What a truly amazing time this has been, these last nine weeks! So overflowing with wonderful things, I’ve had scarcely any time to write! But now it’s Sunday night, January 3rd, my houseful is asleep, and I’m awake and feeling at last like I might be able to squeak out a little blog post.

Michigan was incredible. I drove 1,237 miles in two days to get there, and eight days after I made it, my new grandgirl arrived! I spent one day shy of six weeks there and, while there, I drove 2,225 miles tending to seventy-seven client visits and five births (ohmygosh, did I ever forget how exhausting a full practice is), taking part in several meaningful gatherings with loved ones, celebrating my son’s engagement to his lovely Megan, and spending an evening with a freshly grieving widow. Then I drove the 1,237 miles back home over another two days, cleaned my house on the third day, fetched my family (Jesse, Hannah, Evangeline, Paul, and Megan) from the Denver airport, returned to Denver on day five for Evangeline’s tongue and lip tie revisions, went skiing with the crew at Monarch, celebrated Christmas, went snowshoeing over three days at Rocky Mountain National Park (nine of us total, including Steve’s Brian, Adam, and Megan stuffed into a four person cabin), celebrated the dawning of the New Year, visited with all sorts of fun friends at home and abroad, cooked, cleaned, and spent every spare moment I could sneak in getting to know Evangeline Heidi. My, but how I do love that remarkable new person! I can hardly believe she’ll be eight weeks old in nine hours!

I woke early Christmas morning, as is my way (every day), and I sat quietly in the downstairs bathroom (as, actually, I am right now, since my home was then and is now crammed with snoozing loved ones), thinking back over past Christmastimes, my smile lines brimming with warm, salty tears.

Christmastime, with ThanksGiving at its Eve, is my favorite time of every year, and it has been my favorite time for all of my life. Every single Christmas time has felt magical in its holiness, but a few were so really by pure, gritty determination, as they were entered into with aching hearts.

Many wonderful things have happened at our Christmastimes. Our Hannah was born at Christmastime, 1991, we found our Paul existed toward ThanksGiving, 1994, then our sweet Evangeline followed along this year. Both of my sisters, my daughter, and my second husband, Steven, and I were married in these seasons. Within another, my much loved aunt moved home from California.
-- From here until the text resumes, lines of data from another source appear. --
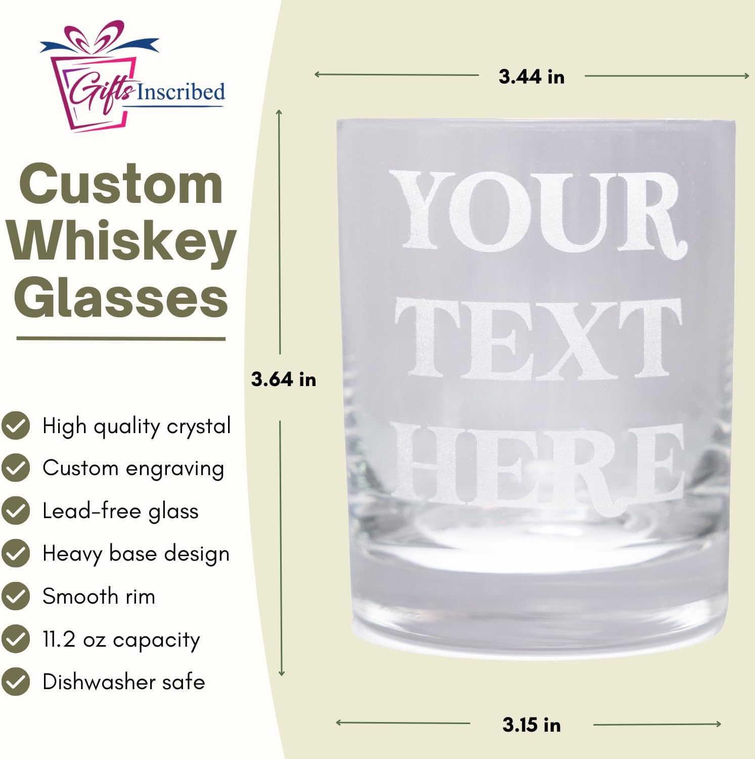 - CUSTOMIZE - laser engraved etching. Select your design and personalize your name, initial, & date to create a one of a kind whiskey gift set. The engraving is permanent and the glasses & decanter are dishwasher safe
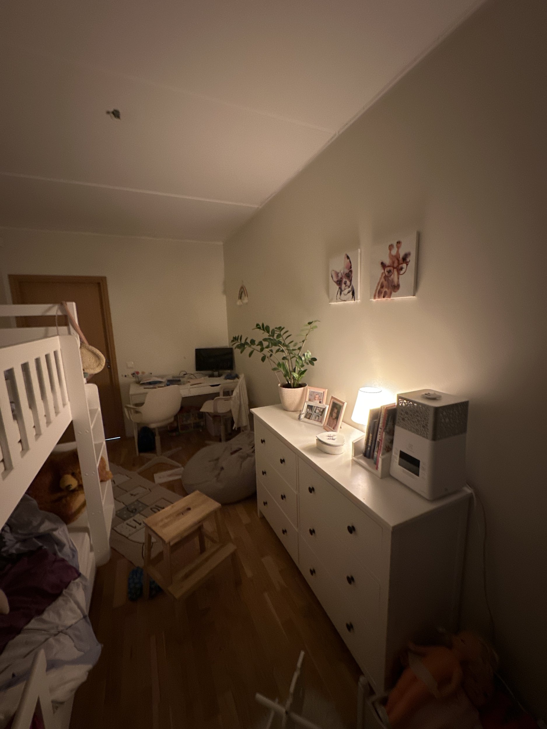 Värvida 18-20 rm lastetoa seina. Üksikud kohad vajavad pahteldust. Vahendeid ei ole, värv on vǎlja valitud. ( heleroosa). Soovin värvida 2 seina, üks pikk ja teine uksega seina (vt pilti)
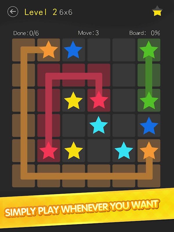 It's really easy to play this game. All you need is using your wisdom and linking stars with the same colour. When all the stars matched, the puzzle is simply solved. But be careful, the lines should not be cross or overlapped.
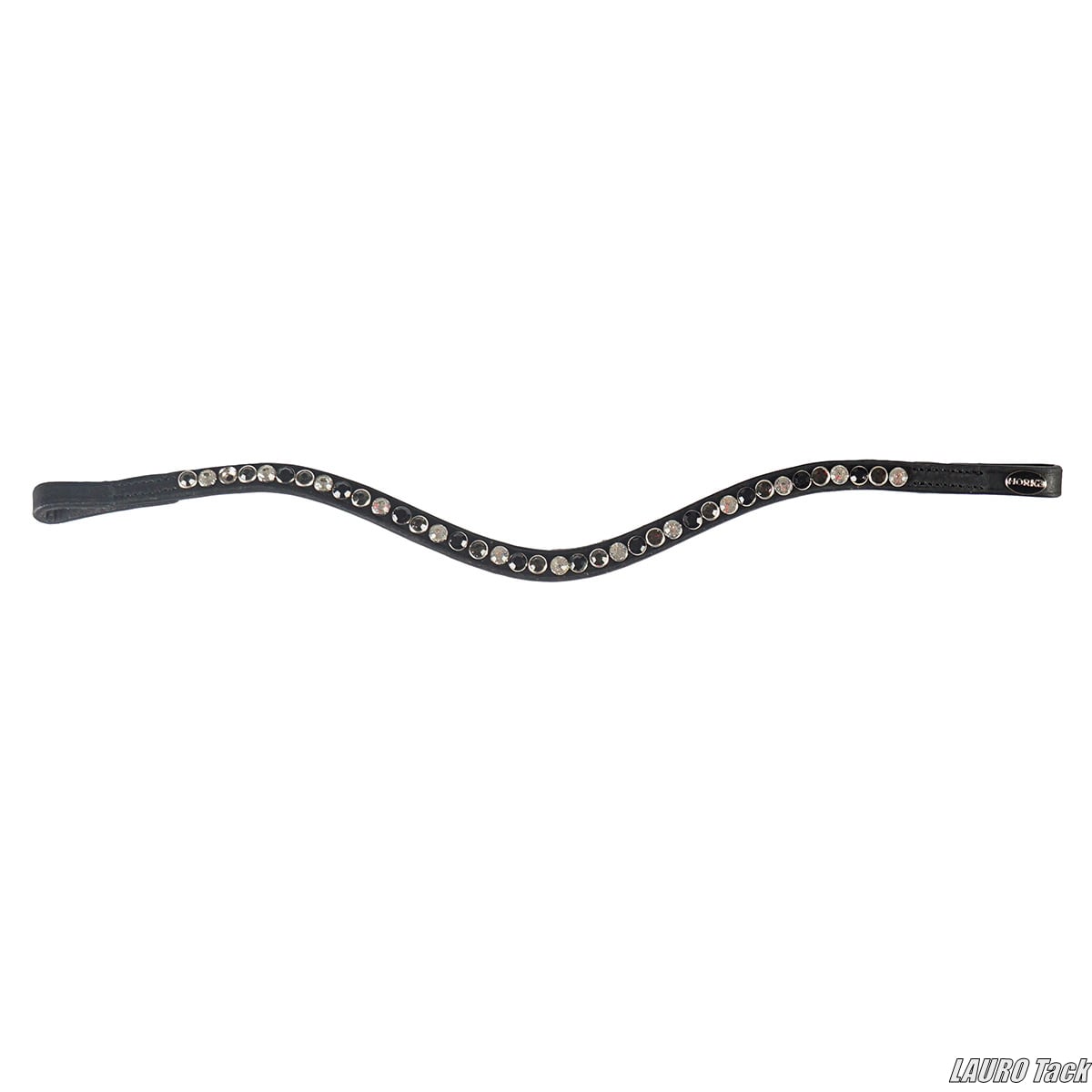 ブラックレザーに同系色のストーンを配した、シンプルで洗練された額革。控えめな輝きが上質さを引き立て、どんな頭絡にも合わせやすいデザイン。
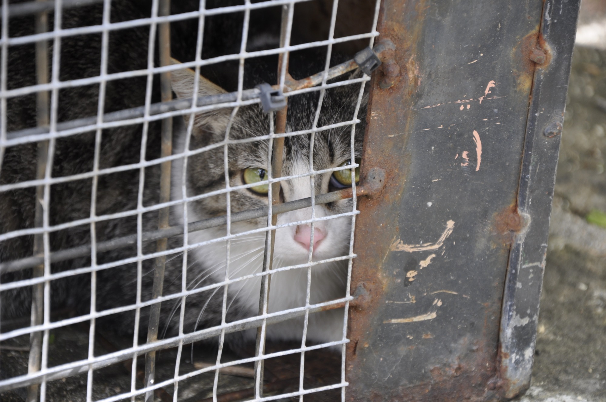 Comentarios ás fotos de Dula: Atopamos esta gata nunha gaiola non homologada e despois de estar atrapada durante o que sospeitamos foron tres días. A primeira fotografía amósaa aprisionada. A segunda no momento da súa fuxida ao abrir a gaiola e a derradeira vez que mirou atrás.
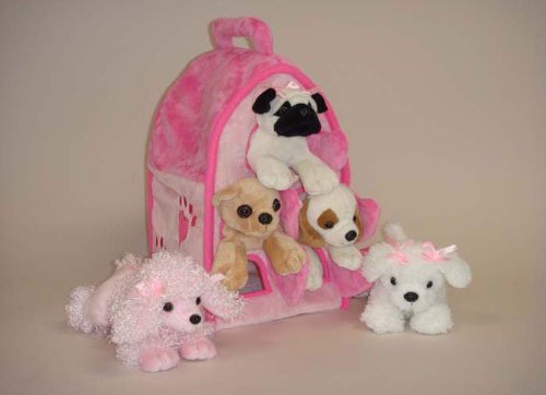 Plush Pink Dog House with Dogs - Five (5) Stuffed Animal Dogs in Pink Play Dog House Case
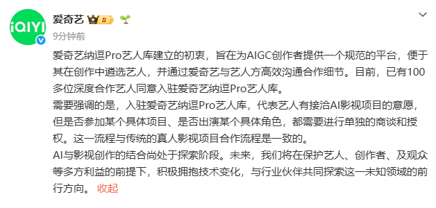 需要强调的是,入驻爱奇艺纳逗Pro艺人库,代表艺人有接洽AI影视项目的意愿,但是否参加某个具体项目、是否出演某个具体角色,都需要进行单独的商谈和授权。这一流程与传统的真人影视项目合作流程是一致的。
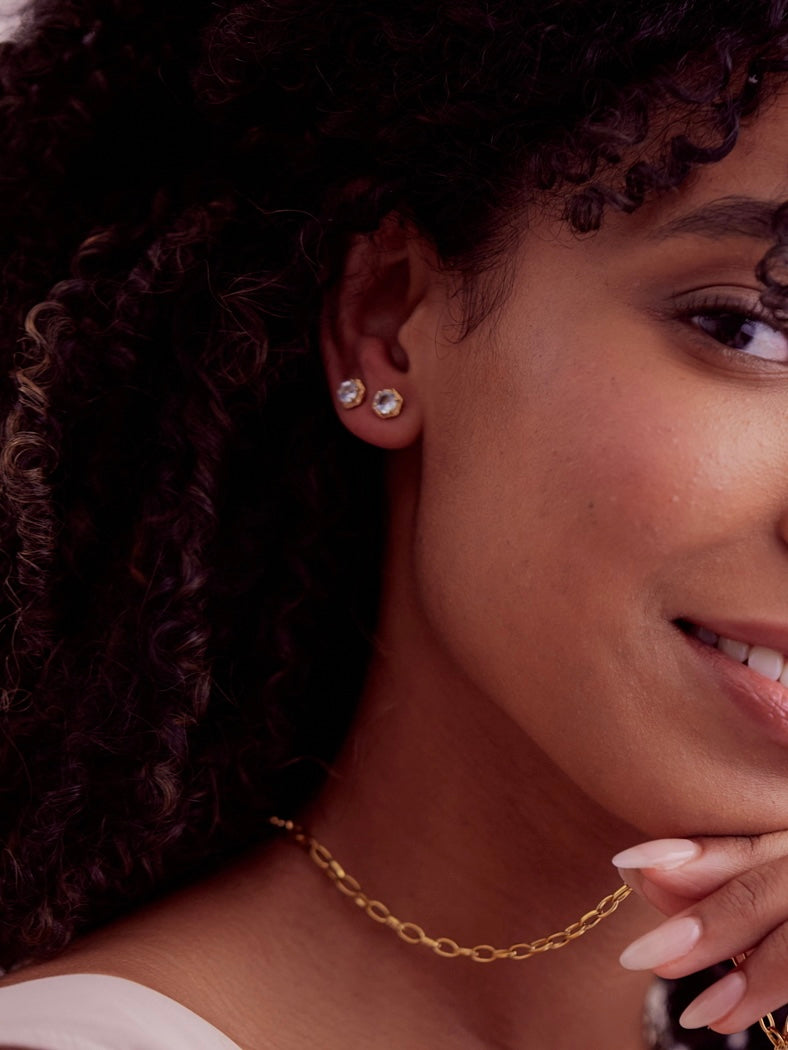 Blue Topaz Glimmer Gold Studs
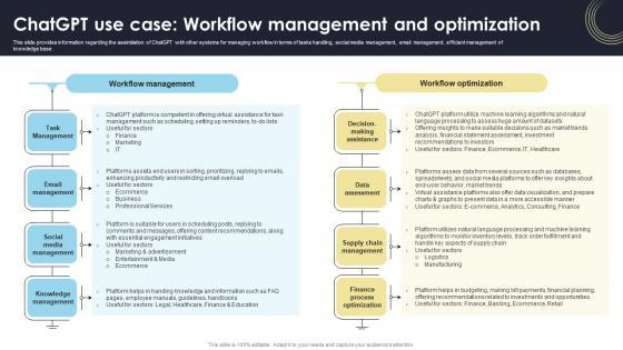 This slide provides information regarding the assimilation of ChatGPT with other systems for managing workflow in terms of tasks handling, social media management, email management, efficient management of knowledge base. There are so many reasons you need a ChatGPT Use Case Workflow Management And Optimization How Generative AI Tools Work AI SS V. The first reason is you can not spend time making everything from scratch, Thus, Slidegeeks has made presentation templates for you too. You can easily download these templates from our website easily. This slide provides information regarding the assimilation of ChatGPT with other systems for managing workflow in terms of tasks handling, social media management, email management, efficient management of knowledge base.
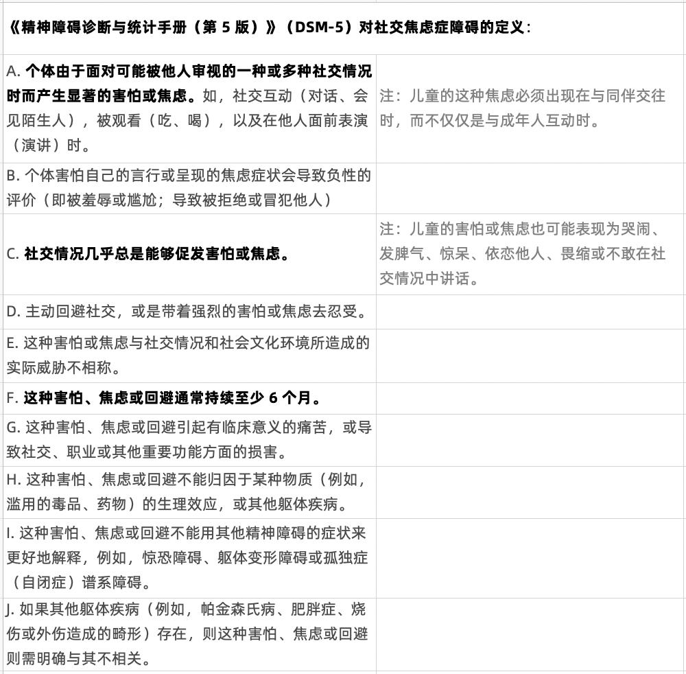 在美国精神病学会 DSM-5 中,对社交焦虑障碍(Social Anxiety Disorder,SAD)的定义包括:-个体由于面对可能被他人审视的一种或多种社交情况时而产生显著的害怕或焦虑;-社交情况几乎总是能够促发害怕或焦虑;

I completed my midwifery apprenticeship at the start of the 2002 festivities, and through nearly every ThanksGiving and Christmas season over the last twenty-two years I’ve taken part in welcoming a number of glorious new babies to earth. But some hard things have happened at some of our Christmastimes too. Only last December my grandmother Helen, the last of my grandparents, passed from life. Twelve years earlier we discovered my first husband, Brent’s, mother had cancer, and we watched her waste away through the next holiday. In the summer of 2004, our hearts broke as we lost her, and, immediately upon the heels of her death, we learned Brent had cancer. We spent the Christmas season of 2004 grieving the loss of Brent’s mom while enduring the final rounds of Brent’s ultimately fruitless chemotherapy, then we learned Brent’s case of cancer was terminal at Christmas, 2005, and we said good-bye to him through the Christmastime of 2006.

So, I rose early on this year’s Christmas Day, Christmas Day, 2015, to read and write and think and pray. I rose early and I squirreled myself away with my journal and my Bible in the downstairs bathroom. I nestled into the bathroom, and sat quietly with my feet at the heater, a cup of coffee in my hand, and my journal on my lap. And, as I sat there, waking and warming, my thoughts traced their way back through those forty-five years worth of Christmastimes, lingering especially over the last few Christmastimes, with my thoughts pausing to hover over the Christmastime of 2011.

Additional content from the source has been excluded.